# Is it possible...



## theclaud (15 Nov 2010)

From a thread, I mean? Y'know - you make a throwaway post or have a flicker of interest in a topic, then it turns into one of those soap-opera threads and you lose interest. But it keeps screaming at you from the listings because it has a little symbol on it to remind you that it's a thread you're involved in - a blue dot in the case of whatever skin I'm currently using. It would be nice to be able to make the dot go away when you're done with a topic, so that it could fade into the background - is such a thing possible?


----------



## Norm (15 Nov 2010)

Oooo, I'd be up for this one too!


----------



## Shaun (15 Nov 2010)

No, sorry, it's not possible.

Cheers,
Shaun


----------



## ColinJ (15 Nov 2010)

There is a difference between "Is it possible?" and "Is it going to happen?"

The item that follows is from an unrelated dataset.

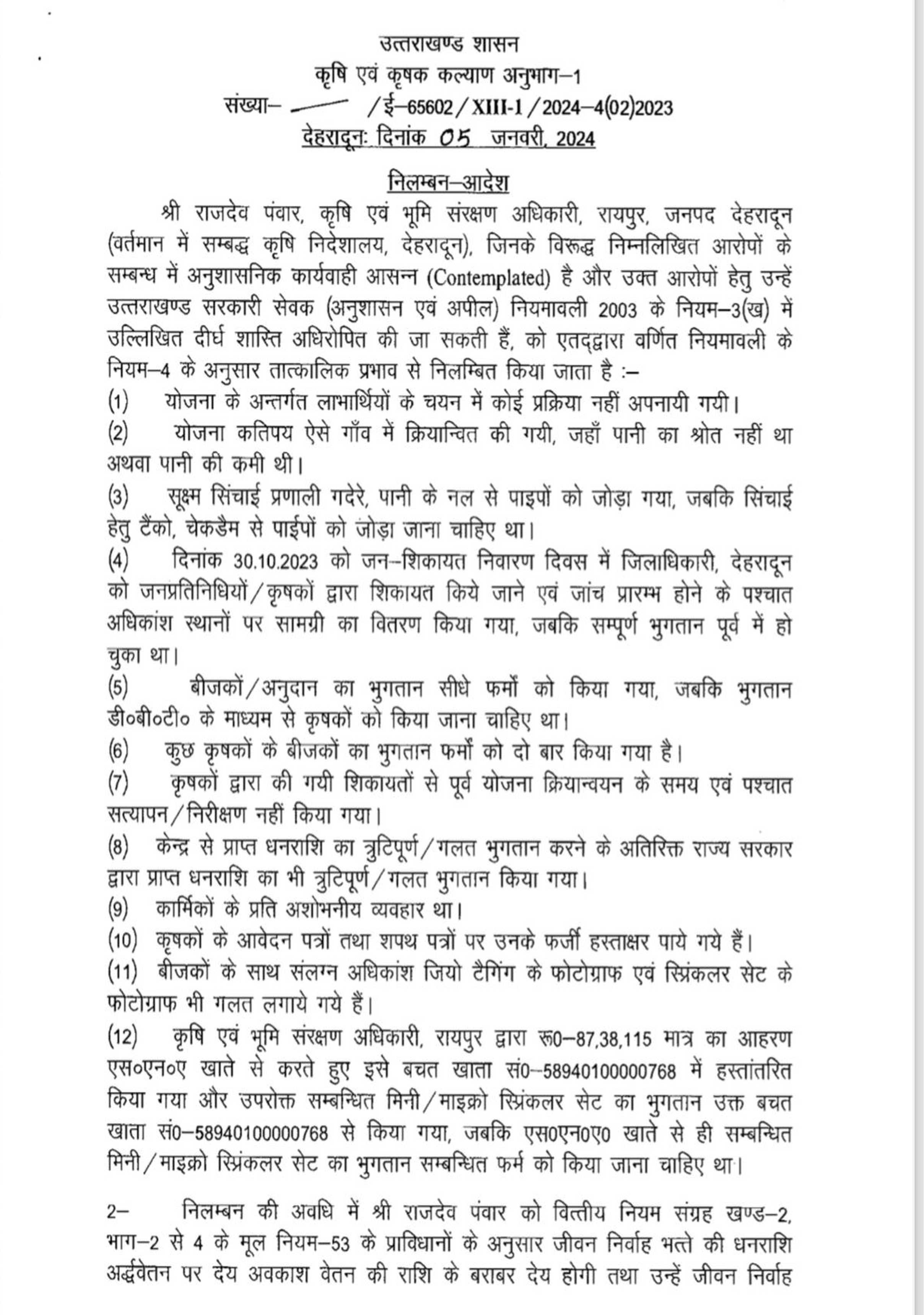 देहरादून : कृषि मंत्री गणेश जोशी ने सचिव कृषि विनोद कुमार सुमन को जनपद देहरादून के रायपुर के कृषि एवं भूमि संरक्षण अधिकारी राजदेव पंवार को प्रधानमंत्री कृषि सिंचाई योजना में बरती गई अनियमितता पर निलंबन के आदेश जारी करने के निर्देश दिए गए। जिसके क्रम में सचिव कृषि ने निलंबन का आदेश भी जारी कर दिया गया।

I'm sure that if £1,000,000 was available to make it happen, then the previously impossible would mysteriously _become_ possible!


----------



## Shaun (15 Nov 2010)

Well, if you're offering ...


----------



## theclaud (15 Nov 2010)

Admin said:


> Well, if you're offering ...



Hmmmm. Perhaps Spire would be prepared to foot the bill?


----------



## ColinJ (15 Nov 2010)

Admin said:


> Well, if you're offering ...


How about £1.27 - that's all I have in loose change!


----------



## 661-Pete (15 Nov 2010)

Sorry, think I'm missing something here - is this a thread about making TheClaud disappear?   

I'll see Colin's £1.27 and raise him £1.65....


----------



## theclaud (15 Nov 2010)

661-Pete said:


> Sorry, think I'm missing something here - is this a thread about making TheClaud disappear?
> 
> I'll see Colin's £1.27 and raise him £1.65....


----------



## 661-Pete (15 Nov 2010)

theclaud said:


>


There there! Need a hankie?


----------



## theclaud (15 Nov 2010)

661-Pete said:


> There there! Need a hankie?



I'd rather have a pint...


----------



## potsy (15 Nov 2010)

Be nice if we could make other people disappear though


----------



## martint235 (15 Nov 2010)

potsy said:


> Be nice if we could make other people disappear though



Can we make armwarmers disappear too?


----------



## potsy (15 Nov 2010)

martint235 said:


> Can we make armwarmers disappear too?



I think somebody's a little bit obsessed by these things the Southerners call 'armwarmers'




You need a few days back up t'north to harden you up a bit pal


----------



## 661-Pete (15 Nov 2010)

theclaud said:


> I'd rather have a pint...


'fraid it has to be virtual, but cheers!


----------